The process I follow isn’t radically different from Buck Woody’s. I get the business requirements, which are hopefully written on something more substantial than a cocktail napkin, and with more detail than will fit on one, and I read them. Or I meet with the business people and ask lots and lots of questions, which I’ll probably do even if I have written requirements. Sometimes, especially at my current company, I’ll get a full logical diagram from another team. I’ll still basically do the same design work, even if I have a logical model, but I’ll use it as a reference point to double-check my understanding of the requirements. From there:

  1.  Identify the nouns. Figure out what kinds of objects, or things, or widgets that we’re talking about needing to store.
  2. Figure out the relationships between the widgets. What’s a parent and what’s a child and which of the widgets is related to many other widgets or to one other widget, etc.
  3. Lay out the attributes for the widget, meaning the columns in the table. Big points here include getting the data type correctly identified and figuring out which of the attributes are required and which are not. Further, which of the attributes come from pick lists, which means look-up tables.
  4. Identify the natural key. I’m with Buck, most of the time I use an alternate, artificial key (yeah, frequently an identity column), but I want to know the natural key so that I can put a unique constraint on the table, in addition to the primary key. This is a vital, but often missed step, in terms of the business processes being modeled.
  5. Figure out where I’m going to put the clustered index. Usually, but not always, this will be the primary key, but I do it as a fundamental part of the design. That means, as a fundamental part of the design, I think about the most common access path for the data. That’s going to be where the cluster needs to be.

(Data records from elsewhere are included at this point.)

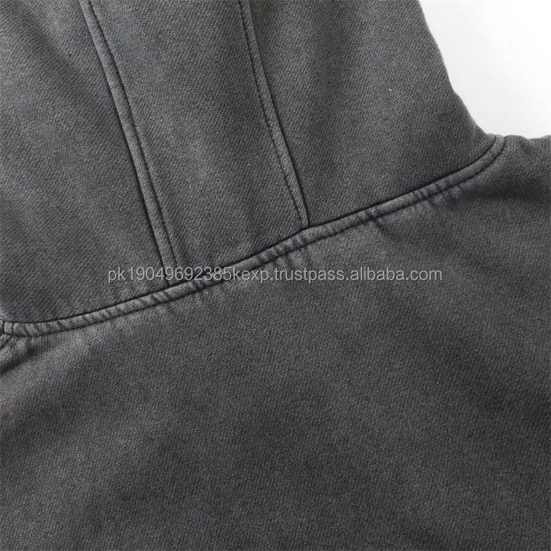 Wholesale 100% Cotton Acid Wash Hoodie Drop Shoulder Custom Printing Full Face Half Zip Heavyweight Ninja Balaclava Hoodies Men
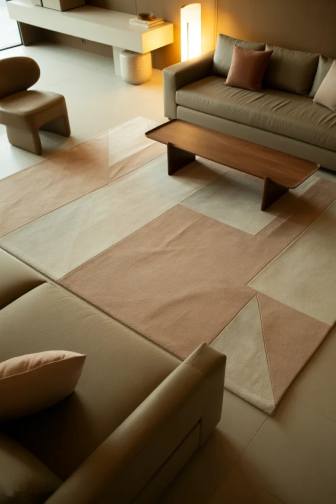 Area rugs help define zones in open layouts and add warmth to modern interiors. Choose rugs that complement your color scheme—whether solid, patterned, or textured. Oversized rugs create visual unity and make the living room feel more cohesive.
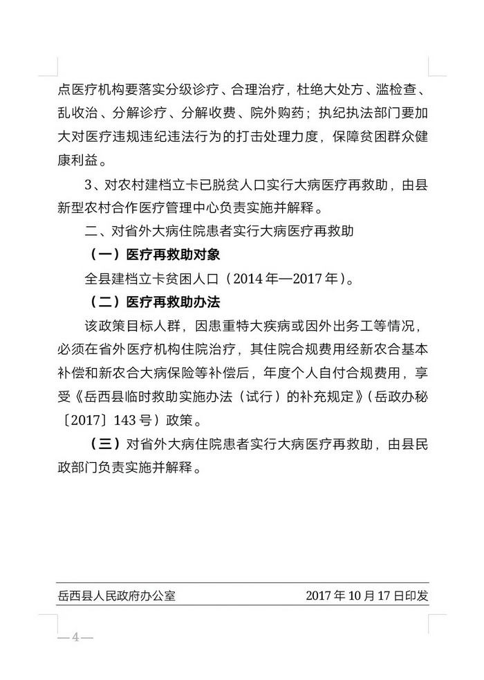关于印发岳西县贫困人口大病医疗再救助补充方案的通知
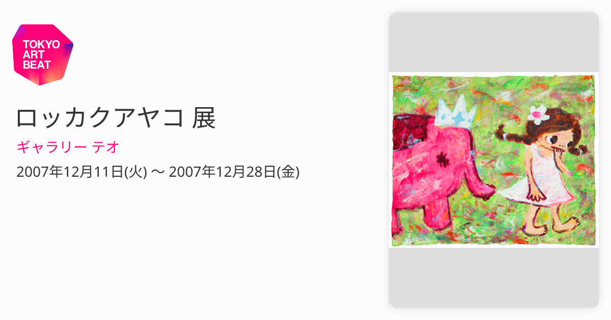 ロッカクアヤコ展 リーフレット 2007年 ギャラリー紅屋 ギャルリーテオ ロッカクアヤコ 展 (ギャラリー テオ) |Tokyo Art Beat
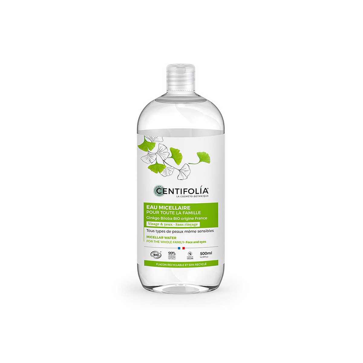 Ginko biloba je drvo poreklom iz Azije. To je najstarija poznata porodica drveća, stara 27 milijardi godina. Listove ovog veličanstvenog drveta karakteriše visoka koncentracija flavonoida, koji su glavni izvori antioksidanata. Zbog toga je Centifolia odlučila da ovaj ekstrakt uključi u svoju micelarnu vodu za celu porodicu*. Takođe poznat po svojim umirujućim svojstvima, ekstrakt ginka bilobe čini micelarnu vodu idealnom vodom za nežno čišćenje i osvežavanje kože cele porodice*. Koža je savršena bez nečistoća i šminke. Njena nežna formula poštuje prirodnu ravnotežu kože i ne iritira oči. Koža je sveža, umirena i blago mirisna. Voda je dermatološki i oftalmološki ispitana.
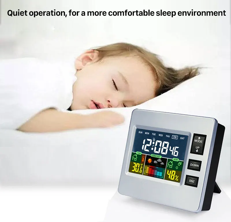 Погодные часы подходят для маленькой тумбочки. Он имеет двойные сигналы с функцией повтора, что затрудняет людей пропускать важные пункты. После установки 2 желаемого времени в качестве будильника просто нажмите на значок будильника внизу, чтобы выбрать один, оба или ни один будильник для активации. Такой гибкий выбор адаптируется к различным жизненным графикам людей.
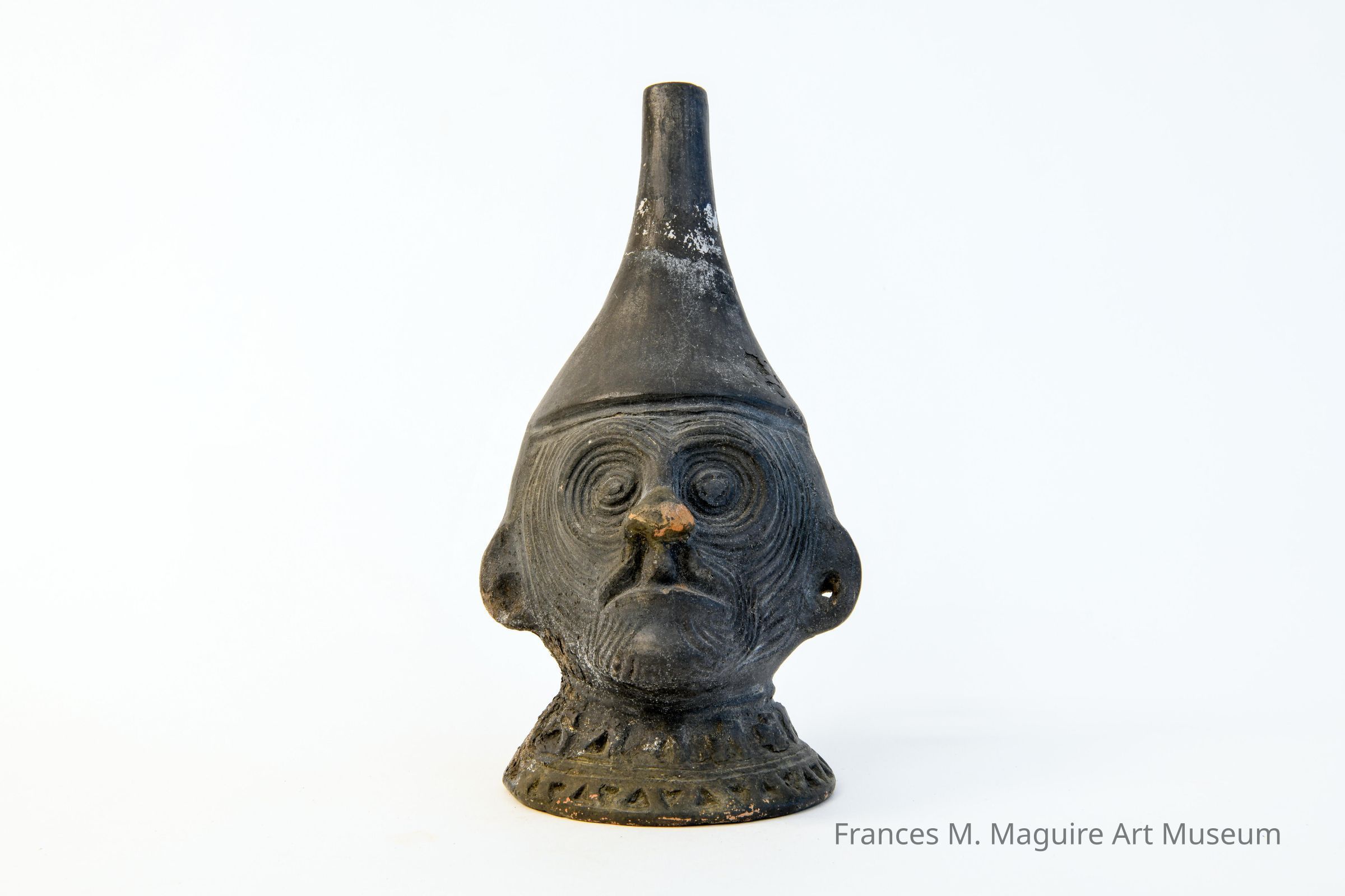 Mochica IV Molded Blackware Head Form Vessel with deeply furrowed face capped by an 'oil can' form spoutMade/Created

How Important Are the Business Requirements

Buck, I respect you and I like you and I hate to do this, but you’re kidding with this question, right? No requirements, no database. The requirements are all. The most important reason you want the requirements written down is because that means that business at least thought them through, all the way, one time. It’s your best bet that you’re going to deliver something that slightly resembles what the business wants and needs. I live and breathe by the requirements. When someone from the business corrects my design, “Oh, that widget is related this thingie, not that watchamacallit,” I get them to change the requirements to reflect that new information. This way, when someone wonders why I did what I did, they’ll always be able to see the requirements the way I saw them.

Tools

I use Embarcadero’s ERStudio. I know there are other ER tools on the market, but I fell in love with this one on the day I needed to change the data type on a column that was in about 30 different tables and I did it in a couple of minutes using their scripting tool. I’ve been using it ever since, and we’re talking well more than ten years now. It’s just great. I only use it for the initial design and for documentation after the design. Once the design is done, the first time, and a physical database is constructed, I don’t work from the ER diagram to do builds and deployments, I work from source control. Do I have to do it like this? No, but I really enjoy the power of an ER tool while I’m doing the design because it lets you do a lot of changes, quickly and easily without having to rebuild a database over & over.

Biggest Pain Point

The largest pain point has to be changing requirements. Change happens. I embrace it. I’ve worked on agile projects and I like the general approach and mind set. And yet, changing databases is hard. It’s not so bad when you’re in the strict, isolated, ER diagram only stage, but as soon as you’ve built the database, even one time, change gets difficult. It’s not so bad if you work closely with the design, test & development teams and get their buy-in, early, that test data must be tossed & rebuilt with each fundamental design change. But that’s a hard agreement to get and so you end up spending a lot of time trying to retain the test data AND fundamentally redesign the data structure. This is not an enjoyable combination.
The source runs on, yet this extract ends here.